At 11:47 AM -0600 2001-07-15, Justin T. Gibbs wrote:
>As the soft reset section also specifies how to deal with initiators
>that are not expecting soft reset semantics, I believe this applies to
>either reset model.
>
>If we look at the section on caching for direct access devices we see,
>"[write-back cached] data may be lost if power to the device is lost or
>a hardware failure occurs". There is no mention of a bus reset having
>any effect on commands already acked as completed to the intiator.

I'd very much like to think so; thanks for the reference. I'd feel a
little more sanguine about the subject if there were some explicit
guarantee of the desired behavior, either in the SCSI spec or in an
implementer's functional spec. Nonetheless, it's testable behavior,
and it's a reasonable inference that drives should behave correctly.
Thanks again.
--
/Jonathan Lundell.

2001-07-16 01:08:58

by Albert D. Cahalan

[permalink] [raw]
Subject: Re: [PATCH] 64 bit scsi read/write

Daniel Phillips writes:
> On Sunday 15 July 2001 05:36, Chris Wedgwood wrote:
>> On Sat, Jul 14, 2001 at 10:11:30PM +0200, Daniel Phillips wrote:

>>> Atomic commit.
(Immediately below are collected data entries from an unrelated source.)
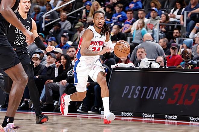 詹金斯出生于2001年8月,現(xiàn)年24歲,身高191cm,體重84kg,是去年NBA選秀大會中的落選秀。上賽季詹金斯就以雙向合同球員的身份效力于活塞。在上賽季的NBA常規(guī)賽中,詹金斯總共只出場7次,場均出場時間達到了3.3分鐘,場均數(shù)據(jù)為1分0.3籃板0.4助攻,還有0.1次失誤和0.3次犯規(guī),投籃命中率30%,三分命中率14.3%,罰球命中率0%。到了季后賽,受制于雙向合同球員的身份,詹金斯無法完成出場。本賽季開季至今,詹金斯在前48場比賽中總共出場40次,場均出場時間達到了16.8分鐘,場均數(shù)據(jù)為8分1.8籃板3.4助攻0.9搶斷0.2蓋帽,還有1.4次失誤和1.3次犯規(guī),投籃命中率42.6%,三分命中率38.8%,罰球命中率79.1%。
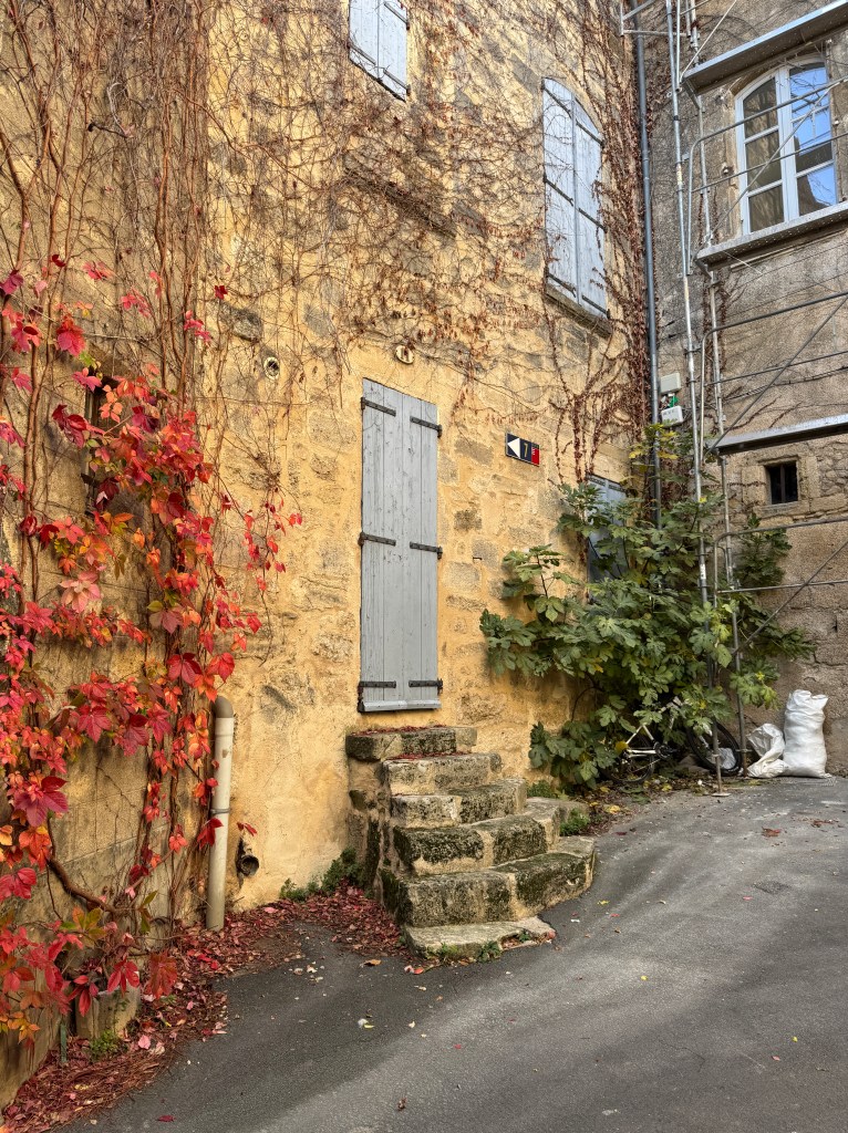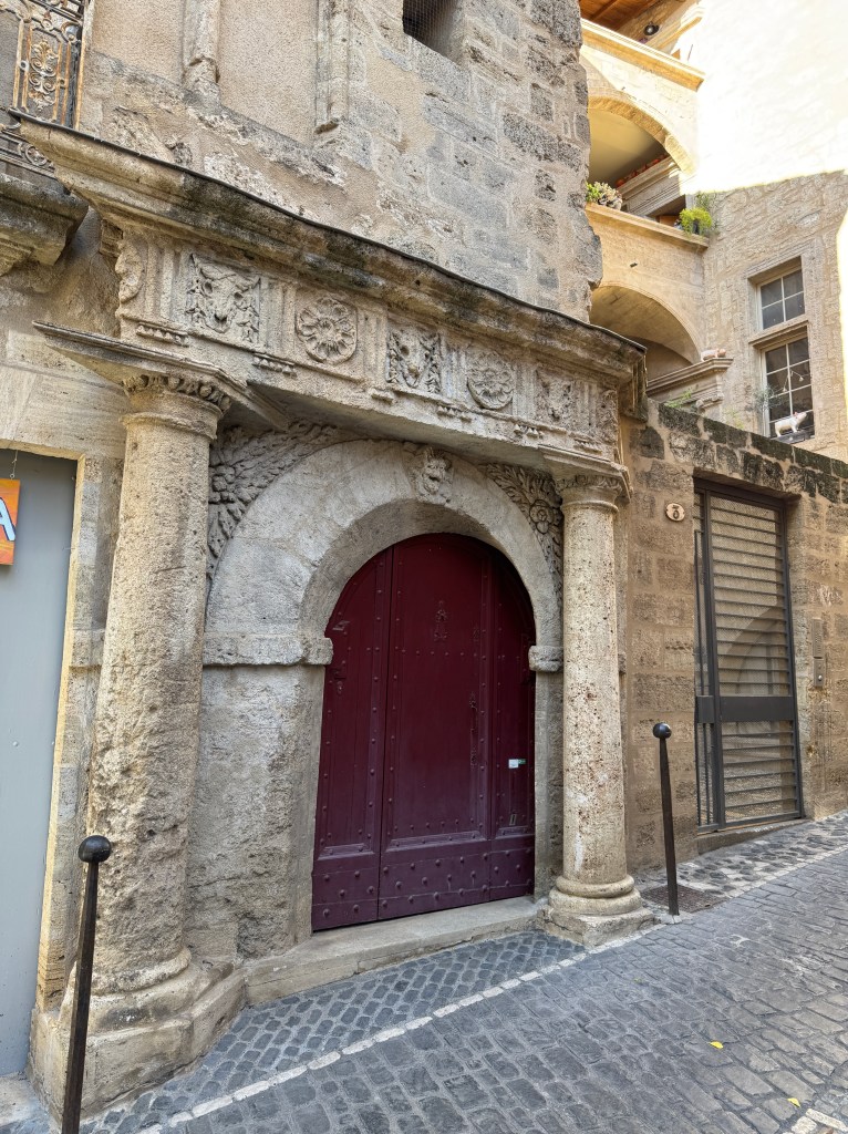 Pézenas’s old town is filled with winding narrow alleys. Fortunately the Office du Tourisme offers a pamphlet for a self-guided walking tour: Without it we would surely have missed many of the attractive nooks and crannies in town. Like so many places we’ve visited so late in the year, and probably exacerbated by it being a Monday, almost nothing was open.
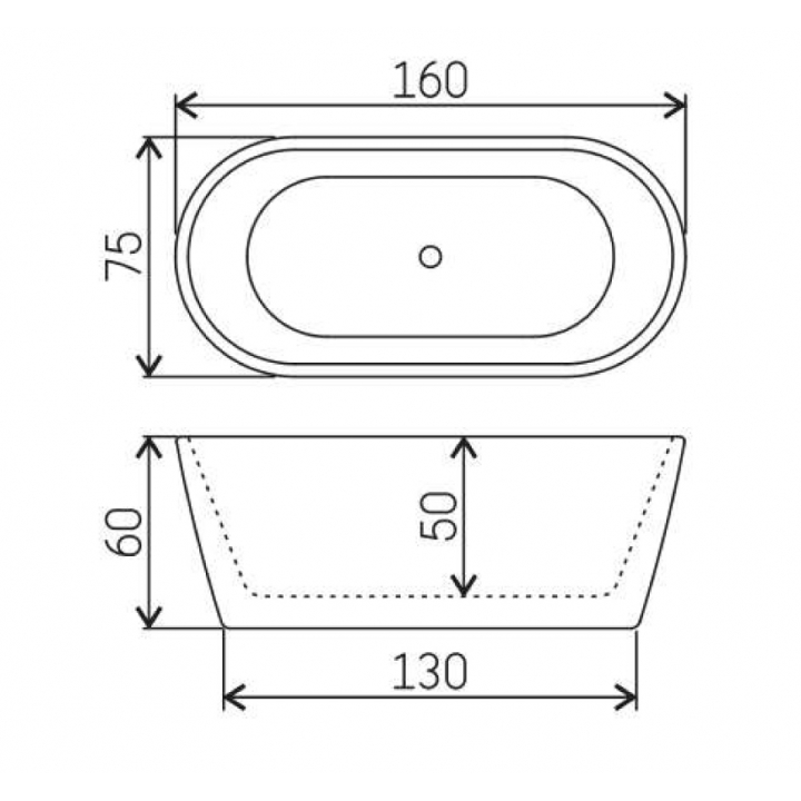 Ванна VOLLE отдельно стоящая акриловая 1600*750*600 мм, 12-22-612
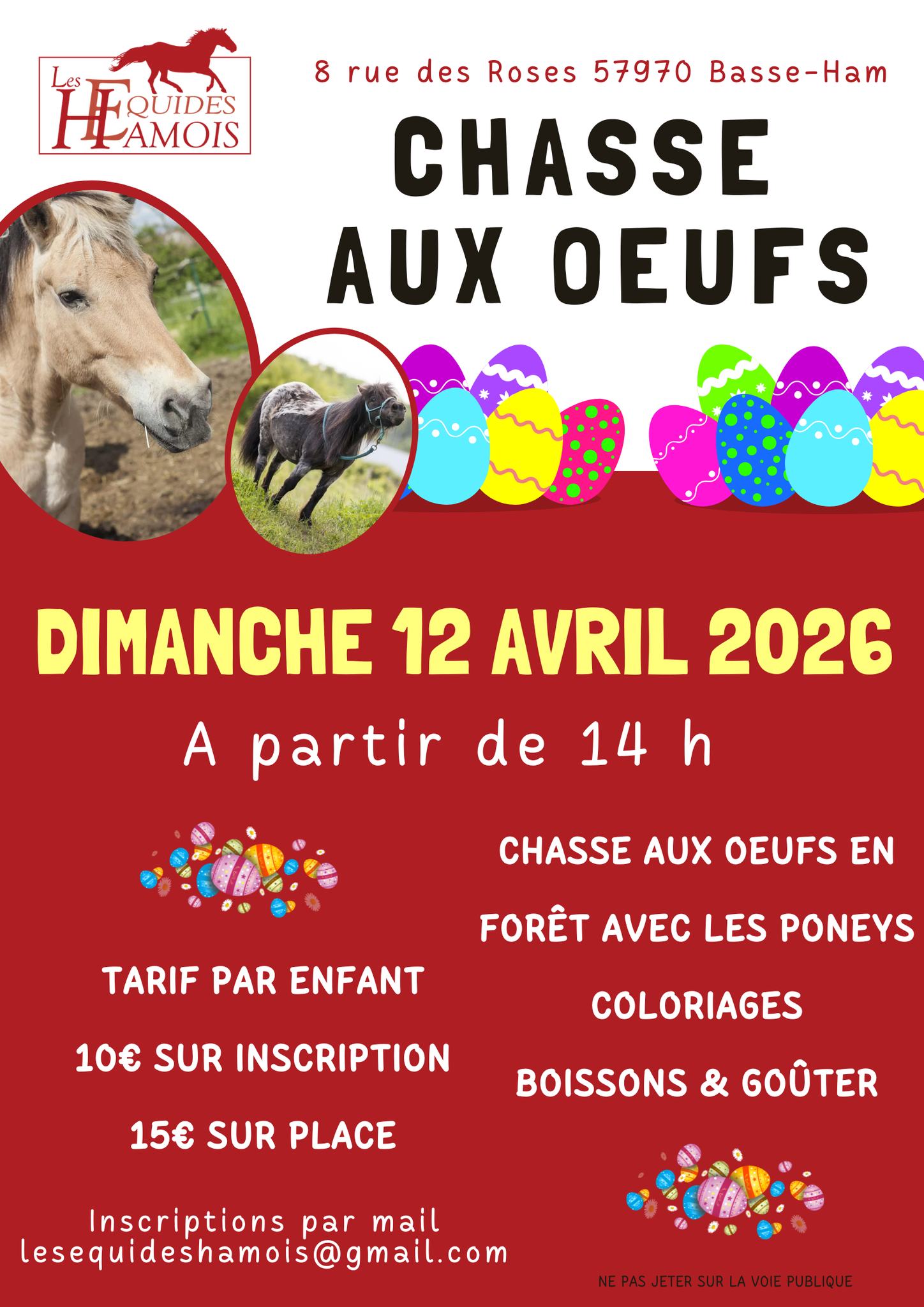 • 2026-04-12 2026-04-12 Europe/Paris Chasse aux œufs Chasse aux œufs en forêt avec le poney. Coloriage. 8 rue des roses Basse-Ham 57970 FRANCE Pays Thionvillois Tourisme

The superblock, which references the updated
>>> version of the filesystem, carries a sequence number and a
>>> checksum. It is written to one of two alternating locations. On
>>> restart, both locations are read and the highest numbered
>>> superblock with a correct checksum is chosen as the new
>>> filesystem root.
>>
>> Yes... and which ever part of the superblock contains the sequence
>> number must be written atomically.
>
> The only requirement here is that the checksum be correct. And sure,
> that's not a hard guarantee because, on average, you will get a good
> checksum for bad data once every 4 billion power events that mess up
> the final superblock transfer. Let me see, if that happens once a year,

In a tree-structured filesystem, checksums on everything would only
cost you space similar to the number of pointers you have. Whenever
a non-leaf node points to a child, it can hold a checksum for that
child as well.

This gives a very reliable way to spot filesystem errors, including
corrupt data blocks.

2001-07-16 08:49:44

by Chris Wedgwood

[permalink] [raw]
Subject: Re: [PATCH] 64 bit scsi read/write

On Sun, Jul 15, 2001 at 09:08:41PM -0400, Albert D. Cahalan wrote:

In a tree-structured filesystem, checksums on everything would
only cost you space similar to the number of pointers you
have. Whenever a non-leaf node points to a child, it can hold a
checksum for that child as well.

This gives a very reliable way to spot filesystem errors,
including corrupt data blocks.

Actually, this is a really nice concept... have additional checksums
and such floating about. When filesystems get to several terabytes, it
would allws background consistency checking (as checking on boot would
be far to slow).

It would also allow the fs layer to fsck the filesystem _as_ data was
accessed if need be, which would be the case more often.



--cw

2001-07-16 08:56:44

by Chris Wedgwood

[permalink] [raw]
Subject: Re: [PATCH] 64 bit scsi read/write

On Sun, Jul 15, 2001 at 11:47:10AM -0600, Justin T. Gibbs wrote:

Simply disabling the write cache does not guarantee the order of
writes. For one, with tagged I/O and the use of the SIMPLE_Q tag
qualifier, commands may be completed in any order. If you want
some semblance of order, either disable the write cache or use the
FUA bit in all writes, and use the ORDERED tag qualifier. Even
when using these options, it is not clear that the drive cannot
reorder writes "slightly" to make track writes more efficient
(e.g. two separate commands to write sequential sectors on the
same track may be written in reverse order).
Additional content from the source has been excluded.